Ein Ausläufer der Introgruppen- / Outgroup-Argumentation findet sich im Konzept der Outgroup-Homogenität oder der Tendenz, dass Mitglieder einer Outgroup untereinander eine geringe Variabilität aufweisen. Das ist die gleiche Haltung. Im Vorkriegs-Europa wurden Juden in monolithischen Begriffen gemalt. Sie wurden als gleich gesehen . Sie waren einfach die Juden. Diese Konzeption dieser Menschen erlaubte kein Verständnis der Variabilität unter den Juden. Diese Konzeption erlaubte nicht zu erkennen, dass es alle möglichen Menschen gibt, die unter dem Dach des Jüdischen sein können. Und das ist Standard Sozialpsychologie. Die Fremdgruppenhomogenität ist stark. Sobald wir eine Gruppe als Fremdgruppe sehen, sehen wir normalerweise eine sehr geringe Variabilität unter den Individuen in dieser Gruppe – und wir sehen die Mitglieder dieser Gruppe eher durch die Linse von Vorurteilen.

Mechanismen der Glaubensbegrenzung

Schlimmer noch, wenn unsere Gedanken einen bestimmten Weg gehen, ist es besonders schwierig, unsere Meinung zu ändern. Und das aus verschiedenen Gründen. Es gibt viele psychologische Prozesse, die es uns unglaublich schwer machen, unsere Meinung über Dinge zu ändern. Kognitive Dissonanz macht es uns schwer, zwei unvereinbare Gedanken gleichzeitig zu halten – also machen wir besondere Schritte, um die Welt auf eine Art zu sehen, die passt zusammen, wie wir die Welt sehen wollen. Selektive Exposition ist die Tendenz für Menschen zu wählen, um Informationen ausgesetzt zu sein, die im Einklang mit dem stehen, was sie bereits glauben. Bestätigungsverzerrung ist die Tendenz für Menschen, mehrdeutige Informationen als konsistent mit dem zu interpretieren, was sie bereits denken. Und weiter und weiter.

Eine breite Palette von sozialpsychologischen Prozessen hat eine primäre Funktion, um unsere gegenwärtige Sicht auf die Welt aufrechtzuerhalten (auch wenn wir tatsächlich völlig falsch liegen).

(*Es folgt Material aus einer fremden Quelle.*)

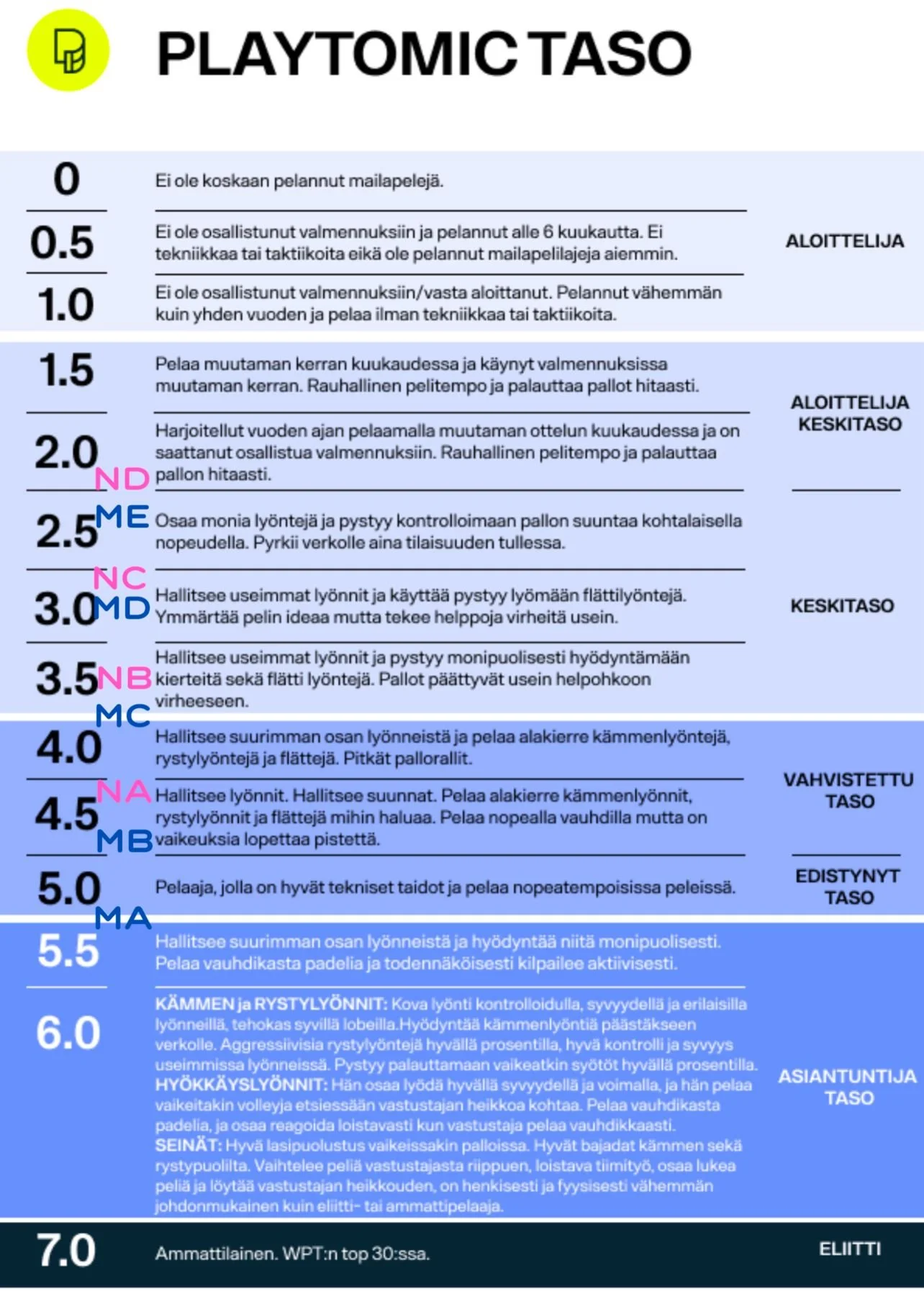 Auttaa pelaajia löytämään todellista pelitasoa vastaava Playtomic-taso. Formaatti voi vaihdella (esim. Americano, King/Queen of the Court, tasoluokkapelit), mutta tapahtuman jälkeen halukkaille tarjotaan mahdollisuus päivittää oma taso suuntaan tai toiseen – jotta tulevat pelit ja tapahtumat osuvat paremmin kohdalleen.

Deindividualisiertes Verhalten

Und wenn wir einmal eine negative Einstellung gegenüber einer Gruppe haben, sind wir in der Lage, ziemlich unangenehm gegen sie vorzugehen. Zimbardo (2007) hat im Laufe der Jahre viele Studien zur Sozialpsychologie des Bösen durchgeführt. Diese Forschung hat einen klaren Befund dokumentiert: Wenn Menschen entdigitalisiert werden, ihre Identitäten heruntergespielt werden (z. B. in einem dunklen Raum oder unter Verwendung eines falschen Namens), ist es viel wahrscheinlicher, dass Menschen sich asozialisieren und sogar schlechtes Benehmen. Die Leute, die in den Konzentrationslagern getödtet hatten, waren so aufgestellt, dass sie den Schalter aus einem anderen Raum umdrehten, damit sie ihre Opfer nicht sofort sehen konnten. Diese Killer wurden in ihren Aktionen entdigitalisiert. Und alle sozialpsychologischen Arbeiten zur Deindividualisierung zeigen, dass die Deindividualisierung ein situationsbedingter Katalysator für die dunkle Seite des menschlichen Zustands ist.

Endeffekt

Sieh mal, ich weiß, dass dieser Beitrag mit sehr dunklen Inhalten zu tun hat. Aber der menschliche Zustand ist oft sehr dunkel und wir können nicht ein Auge zudrücken. Es liegt nun an uns, den besorgten Bürgern der Welt, dafür zu sorgen, dass so etwas wie der Holocaust nie wieder passiert. Wenn wir zu einer besseren Zukunft beitragen wollen, müssen wir die Vergangenheit verstehen. Und wir müssen die Sozialwissenschaft verstehen, die uns hilft, genau aufzuzeigen, was in der Vergangenheit schief gelaufen ist, damit wir für eine bessere Zukunft gerüstet sind. Wir ignorieren die Sozial- und Verhaltenswissenschaft zum Thema Hass auf eigene Gefahr.